Discrete element simulation study on micromechanical characteristics of undisturbed and remolded loess in biaxial test

doi: 10.19509/j.cnki.dzkq.2021.0311
  • Received Date: 14 Aug 2020
    Abstract
  • Loess is a special granular material, and its mechanical properties are determined by the microscopic structure of granules. The undisturbed and remolded loess have different mechanical properties due to the difference in structure. In order to solve the basic problem of how the structural properties of loess affect its mechanical characteristics, based on scanning electron microscopy (SEM) to study the macroscopic and microscopic mechanical properties of undisturbed loess and saturated remolded loess under constant strain rate biaxial test, while considering the shape of particles and the possibility of particle breakage. The simulation results show that when the stress is low, the undisturbed loess and the remolded loess force chains are mostly distributed near the large framework particles. With the increase of stress, the undisturbed force chains form a network pattern but still have the main conduction region, while the remolded loess has no obvious major conduction region and presents a uniform mesh. Under the same confining pressure and strain, the number of cracks in the undisturbed loess is lower and they are concentrated in the shear zone. The number of cracks in the remolded loess is more but more uniform.Tension cracks are mostly formed around the clusters of undisturbed loess and remolded loess.
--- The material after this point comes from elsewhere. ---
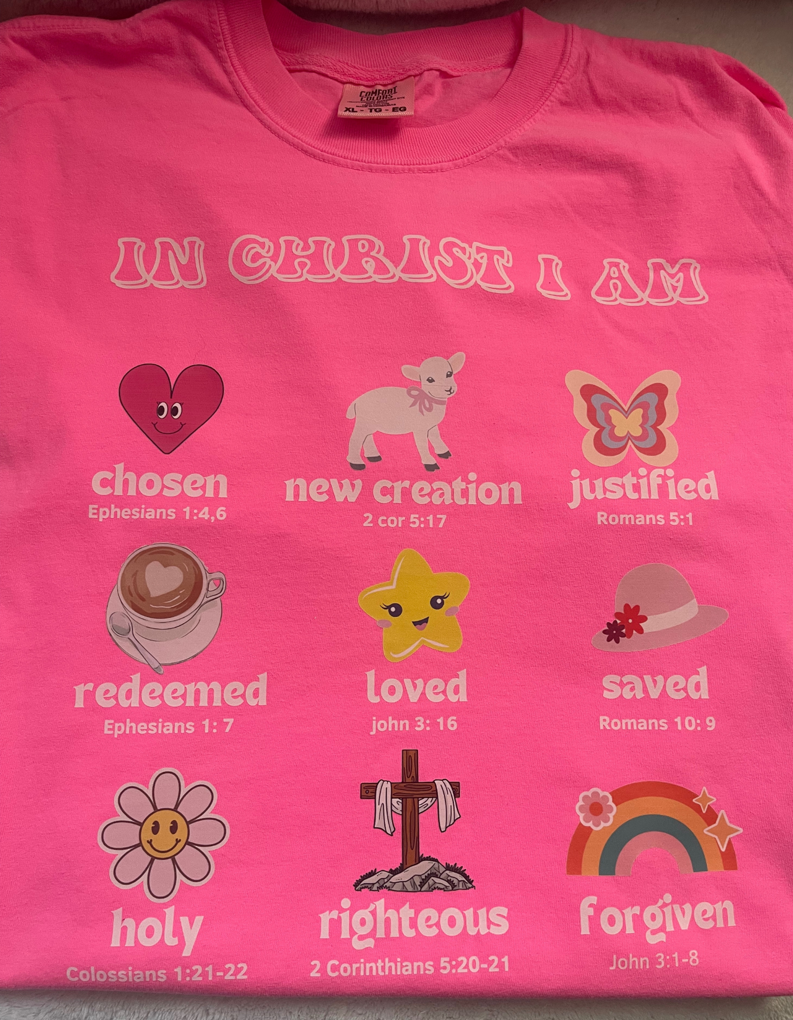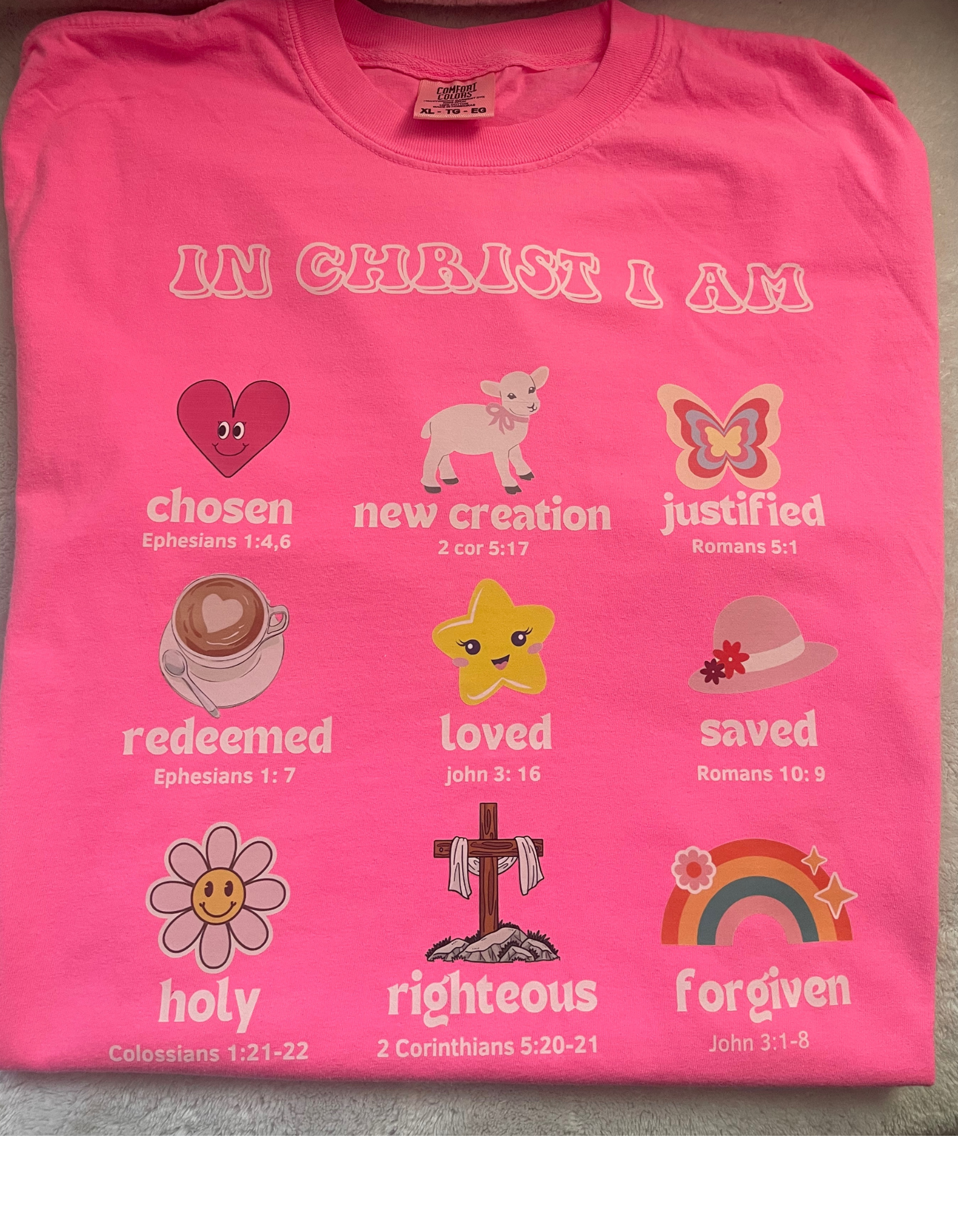 Wear a bold declaration of your identity in Christ with our "In Christ, I Am" T-shirt. Inspired by Scripture, this design reminds us of the truth that in Him, we are chosen, redeemed, loved, forgiven, and new creation. Made from soft, high-quality fabric, this tee is perfect for daily wear and a powerful way to share your faith wherever you go.

Shear cracks are mostly formed inside the clusters of framework particles, and the most obvious is when the clusters of particles are in contact with each other. Using this modeling method can effectively reflect the different internal stress states of undisturbed and remolded loess under the same stress condition due to the difference in internal structure composition. Based on the above research conclusions, a microscopic explanation of the influence of loess structure on the macroscopic strength is given. The research results can provide a certain basis for the prevention and control of geological disasters in the loess area.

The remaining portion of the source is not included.